New home financing innovations, such as interest-only mortgages and mortgages with 35- or even 40-year terms, are making monthly payments more affordable and giving Canadian consumers more purchasing power.

But what lenders and real estate agents aren’t talking about is the long-term interest costs on some of this apparently easy money, and the detrimental effects they have on the borrower’s financial well-being.

If clients are convinced home ownership is a surefire route to riches and are willing to borrow heavily to buy an expensive home or add a second property, it may be time for advisors to step in with a sobering look at the realities of interest costs and their negative impact on wealth accumulation.

“It’s quick and easy to get a large mortgage these days. Everybody and his dog is being courted by financial institutions willing to lend money,” says Adrian Mastracci, a financial advisor at KCM Wealth Management Inc. in Vancouver. “In some cases, you don’t even need a down payment to buy a home. Many people are getting a bigger mortgage than they need. But what they don’t realize is that they will be probably be poorer as a result.”

A look at loan amortization tables shows that a mortgage of $100,000, borrowed at 6% and amortized over a typical 25-year period, would cost $640 a month. The total interest paid during the life of the mortgage would be $91,900, almost as much as the loan itself. If this same mortgage was amortized over 30 years, the monthly payments fall to $595, which many borrowers see as a great convenience. However, the total interest paid rises to $114,100. Stretch the mortgage out to 35 years, and the monthly payment drops to $565, while the total interest piles up to $137,400.

Given that many people have mortgages much larger than $100,000, the costs are magnified accordingly. Yet most people would balk if they realized that the $500,000 house they are purchasing could actually cost them
$1 million once the interest costs on a long-term mortgage are factored in.
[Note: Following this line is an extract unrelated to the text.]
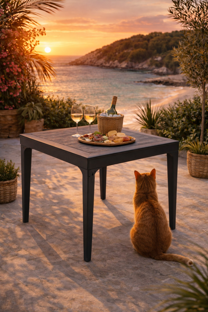 Ideális kerti étkezőrészekhez, modern teraszokra vagy hangulatos kültéri pihenősarkok kialakításához, ahol fontos a természetes és elegáns megjelenés.

Interest paid over the years significantly erodes the final profit when the home is sold.

“The cost of long-term mortgage borrowing is astronomical, and one of the biggest impediments to accumulating a large retirement nest egg,” says Mastracci. “People can end up paying more in interest than the original cost of the house. They are making the biggest purchase of their lives — and the advisor can help by showing them how it can cost less.”

If clients can reduce the years of amortization, either by taking on a larger monthly payment or applying some lump sums against their mortgage, the savings can be dramatic. For example, if the amortization on the same $100,000 mortgage at 6% is reduced to 15 years, the monthly payment rises to $840, which is only $200 more than the monthly payment on a 25-year amortization. But the total interest paid is $51,200 — $40,700 less than for the 25-year term and $86,200 less than for the 35-year term.

“If you knock 10 years off a mortgage, for only $200 more in monthly payments, the interest savings are significant,” says Mastracci. “A shorter amortization is something most people can manage, and there is good reason to do so. With anything over 25 years, most people don’t realize they are paying huge rent on the money, with very little payback.”

If fact, mortgage debt is on the increase, with many Canadians actually carrying mortgages into retirement, according to some surveys. Statistics Canada reports total mortgage debt for persons and unincorporated businesses stood at $602 billion as of June 30, 2006, up almost 70% from $357 billion five years earlier.

“When people are heading into retirement, that’s a particularly scary time to take on more debt because of the cost of servicing debt,” says Peter Andreanna, a certified
financial planner at Continuum 11 Inc. in Mississauga, Ont. “If you get debt out of the picture, it makes a huge difference to cash flow.”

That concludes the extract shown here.